• MATERIAL PROVIDED
++++++++++
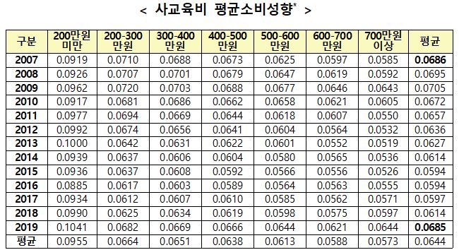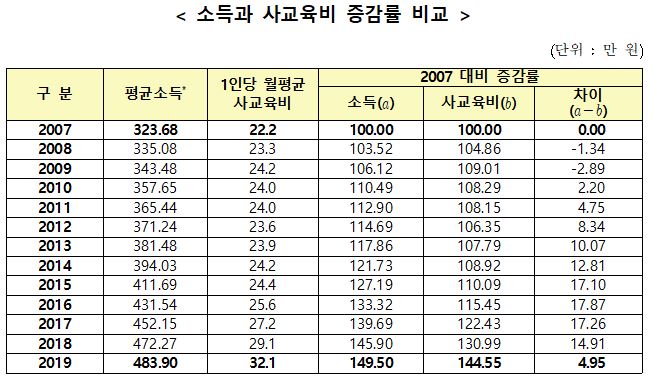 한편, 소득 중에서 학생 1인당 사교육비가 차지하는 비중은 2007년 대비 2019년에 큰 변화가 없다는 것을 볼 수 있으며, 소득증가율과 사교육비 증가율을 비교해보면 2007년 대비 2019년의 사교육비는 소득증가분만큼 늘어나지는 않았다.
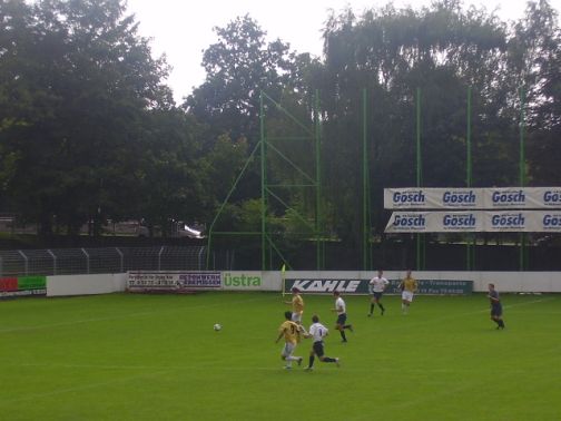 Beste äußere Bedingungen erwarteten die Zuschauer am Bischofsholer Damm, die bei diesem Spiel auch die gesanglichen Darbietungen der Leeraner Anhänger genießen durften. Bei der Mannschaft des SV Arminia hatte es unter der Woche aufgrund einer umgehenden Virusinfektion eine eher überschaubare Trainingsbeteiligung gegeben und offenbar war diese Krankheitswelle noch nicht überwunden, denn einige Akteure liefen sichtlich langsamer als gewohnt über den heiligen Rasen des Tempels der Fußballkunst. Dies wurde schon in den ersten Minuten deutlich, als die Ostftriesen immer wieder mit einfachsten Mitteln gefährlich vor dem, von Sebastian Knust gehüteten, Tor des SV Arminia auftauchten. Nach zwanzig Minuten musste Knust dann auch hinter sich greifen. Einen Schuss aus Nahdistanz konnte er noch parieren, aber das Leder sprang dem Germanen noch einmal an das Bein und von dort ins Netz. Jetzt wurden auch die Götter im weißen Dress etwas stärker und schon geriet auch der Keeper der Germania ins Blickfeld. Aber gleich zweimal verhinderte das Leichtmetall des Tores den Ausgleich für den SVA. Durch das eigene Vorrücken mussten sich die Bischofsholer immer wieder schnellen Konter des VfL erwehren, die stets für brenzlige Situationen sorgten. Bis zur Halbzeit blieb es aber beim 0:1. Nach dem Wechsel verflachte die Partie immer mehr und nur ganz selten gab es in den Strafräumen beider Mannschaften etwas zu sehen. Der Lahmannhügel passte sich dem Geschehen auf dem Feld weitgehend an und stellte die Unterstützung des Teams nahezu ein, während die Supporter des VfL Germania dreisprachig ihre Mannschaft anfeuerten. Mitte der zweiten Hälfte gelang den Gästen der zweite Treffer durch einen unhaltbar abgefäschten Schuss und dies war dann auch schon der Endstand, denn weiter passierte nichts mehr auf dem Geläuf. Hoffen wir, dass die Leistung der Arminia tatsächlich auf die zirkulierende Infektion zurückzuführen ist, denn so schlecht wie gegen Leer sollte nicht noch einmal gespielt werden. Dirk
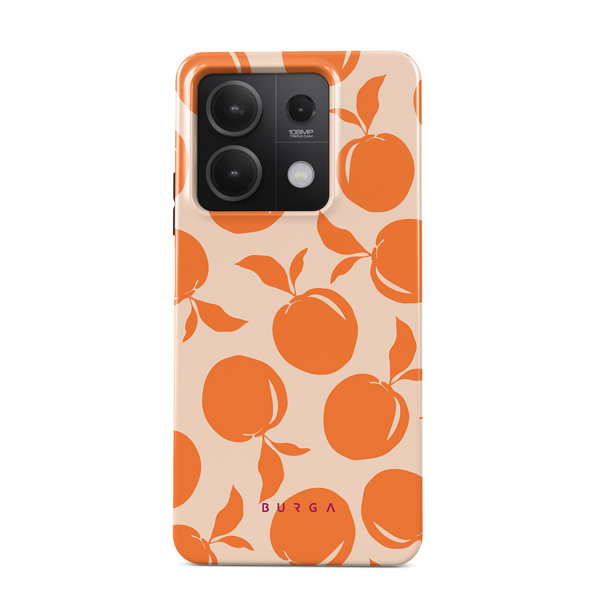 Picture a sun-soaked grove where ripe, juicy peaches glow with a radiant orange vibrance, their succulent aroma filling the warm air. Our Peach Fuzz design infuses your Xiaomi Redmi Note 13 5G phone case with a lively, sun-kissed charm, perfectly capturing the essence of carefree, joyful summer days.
++++++++++
• AIM OF THE EXERCISE
Since the pictures are not wanted, transcribe only the rest of the material above, exactly as it stands.

• RESULT BELOW
 한편, 소득 중에서 학생 1인당 사교육비가 차지하는 비중은 2007년 대비 2019년에 큰 변화가 없다는 것을 볼 수 있으며, 소득증가율과 사교육비 증가율을 비교해보면 2007년 대비 2019년의 사교육비는 소득증가분만큼 늘어나지는 않았다.
 Beste äußere Bedingungen erwarteten die Zuschauer am Bischofsholer Damm, die bei diesem Spiel auch die gesanglichen Darbietungen der Leeraner Anhänger genießen durften. Bei der Mannschaft des SV Arminia hatte es unter der Woche aufgrund einer umgehenden Virusinfektion eine eher überschaubare Trainingsbeteiligung gegeben und offenbar war diese Krankheitswelle noch nicht überwunden, denn einige Akteure liefen sichtlich langsamer als gewohnt über den heiligen Rasen des Tempels der Fußballkunst. Dies wurde schon in den ersten Minuten deutlich, als die Ostftriesen immer wieder mit einfachsten Mitteln gefährlich vor dem, von Sebastian Knust gehüteten, Tor des SV Arminia auftauchten. Nach zwanzig Minuten musste Knust dann auch hinter sich greifen. Einen Schuss aus Nahdistanz konnte er noch parieren, aber das Leder sprang dem Germanen noch einmal an das Bein und von dort ins Netz. Jetzt wurden auch die Götter im weißen Dress etwas stärker und schon geriet auch der Keeper der Germania ins Blickfeld. Aber gleich zweimal verhinderte das Leichtmetall des Tores den Ausgleich für den SVA. Durch das eigene Vorrücken mussten sich die Bischofsholer immer wieder schnellen Konter des VfL erwehren, die stets für brenzlige Situationen sorgten. Bis zur Halbzeit blieb es aber beim 0:1. Nach dem Wechsel verflachte die Partie immer mehr und nur ganz selten gab es in den Strafräumen beider Mannschaften etwas zu sehen. Der Lahmannhügel passte sich dem Geschehen auf dem Feld weitgehend an und stellte die Unterstützung des Teams nahezu ein, während die Supporter des VfL Germania dreisprachig ihre Mannschaft anfeuerten. Mitte der zweiten Hälfte gelang den Gästen der zweite Treffer durch einen unhaltbar abgefäschten Schuss und dies war dann auch schon der Endstand, denn weiter passierte nichts mehr auf dem Geläuf. Hoffen wir, dass die Leistung der Arminia tatsächlich auf die zirkulierende Infektion zurückzuführen ist, denn so schlecht wie gegen Leer sollte nicht noch einmal gespielt werden. Dirk
 Picture a sun-soaked grove where ripe, juicy peaches glow with a radiant orange vibrance, their succulent aroma filling the warm air. Our Peach Fuzz design infuses your Xiaomi Redmi Note 13 5G phone case with a lively, sun-kissed charm, perfectly capturing the essence of carefree, joyful summer days.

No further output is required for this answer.